Some could remember a time before the highway ripped through the neighborhood. Everyone recalled when Willow Lake, a State protected wetland since 1976, was left open to the public.
They were met that Saturday morning by two Urban Park Rangers for an hour-long tour with an emphasis on bird watching. The rangers unlocked the gate and led them across the highway pedestrian overpass and down a ramp onto Willow Lake’s circumferential path, ravaged by invasive phragmites. Despite the overgrowth, the group saw muskrats, herrings, mallards and mocking birds.
After a fire in the late 1990’s, the cause of which remains unknown, the area was sealed off and neglected. Both entrances to the Lake – one crossing over the Van Wyck Expressway and the other stretching over the Grand Central Parkway – are closed off; the Parks Department cannot say since when.
An article in an August 2006 issue of the Tribune shed light on the dilapidated state of Willow Lake and the dangerous means by which residents were gaining access. It also cited the Parks Web site’s Willow Lake Trail 2001 update, which stated that a $22,000 grant was provided by the Department of Agriculture’s Urban Resources Partnership Program for the path’s restoration.

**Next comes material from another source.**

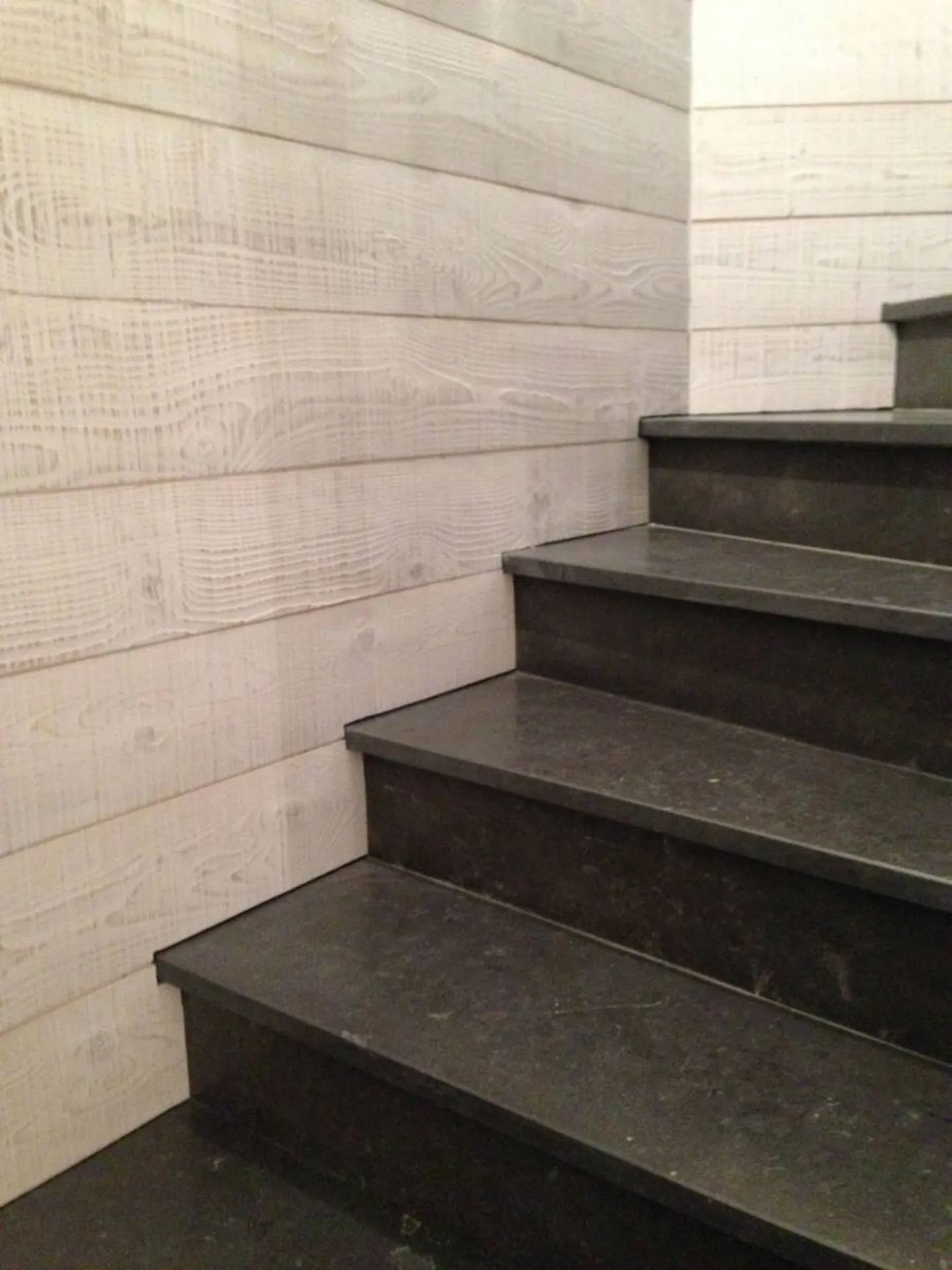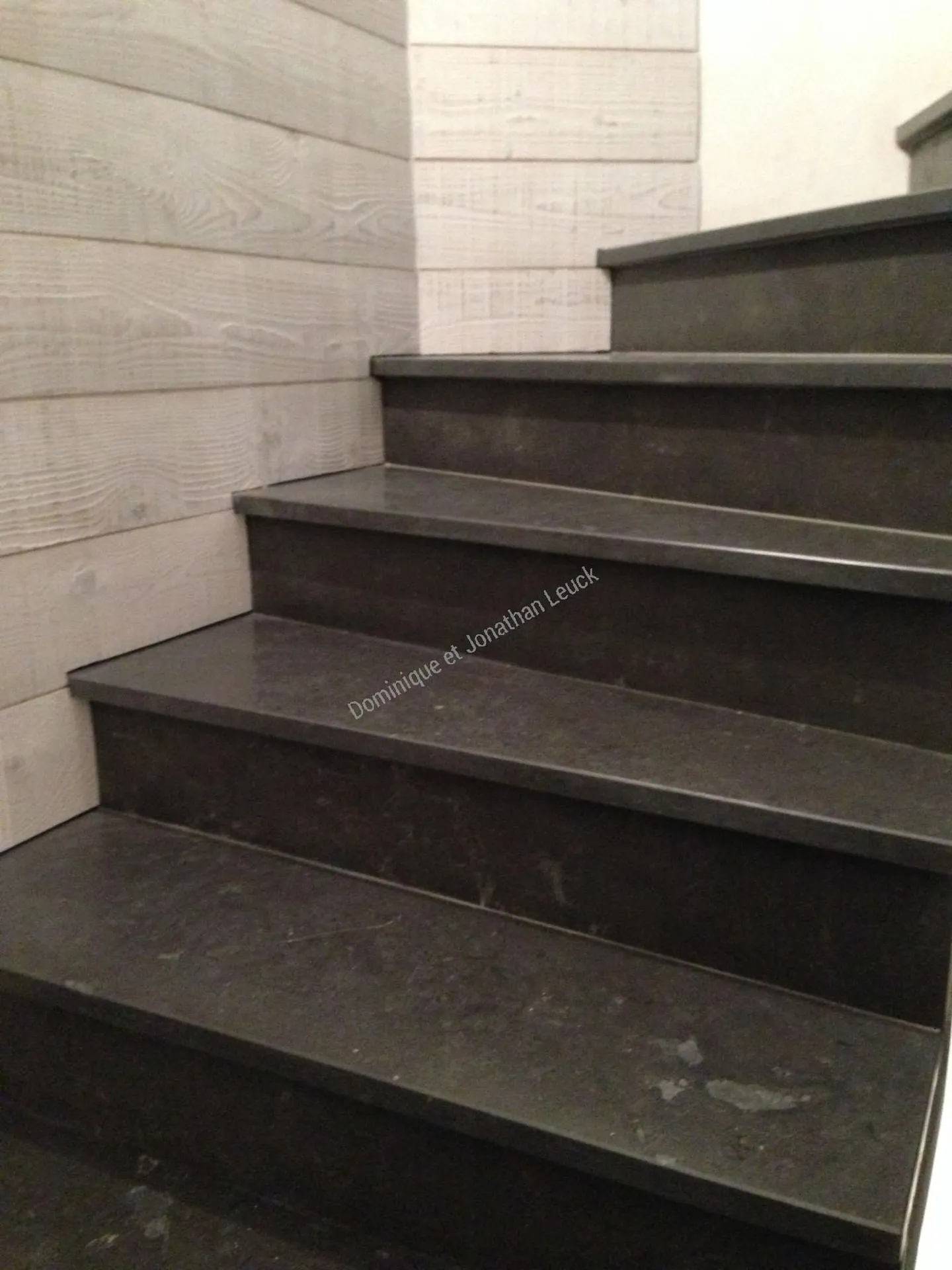 Escalier et palier à l'étage en pierre dure type Grey Storm , Marches et contremarches.

According to Parks Spokeswoman Abigail Lootens that grant is no longer on hand.
“There is no money from the Dept. of Agriculture or the National Wildlife Service and State Environmental Bond Act for the Willow Lake area,” Lootens said, adding that various elected officials are providing funding for future repairs.
Councilman Jim Gennaro (D-Fresh Meadows) and Councilwoman Melinda Katz (D-Forest Hills) have contributed $150,000 and $200,000 respectively toward installing wrought iron fencing for a safer entranceway. In addition, $20,000 from State Senator Malcolm Smith will enable Parks to build a bird blind.
Shoreline restoration will be funded by a legislative initiative and is expected to begin by the end of next spring. Replacing the temporary wooden bridge that connects the two path sections with a permanent bridge is also scheduled for spring 2008.
Grants are also instrumental in Willow Lake’s restoration.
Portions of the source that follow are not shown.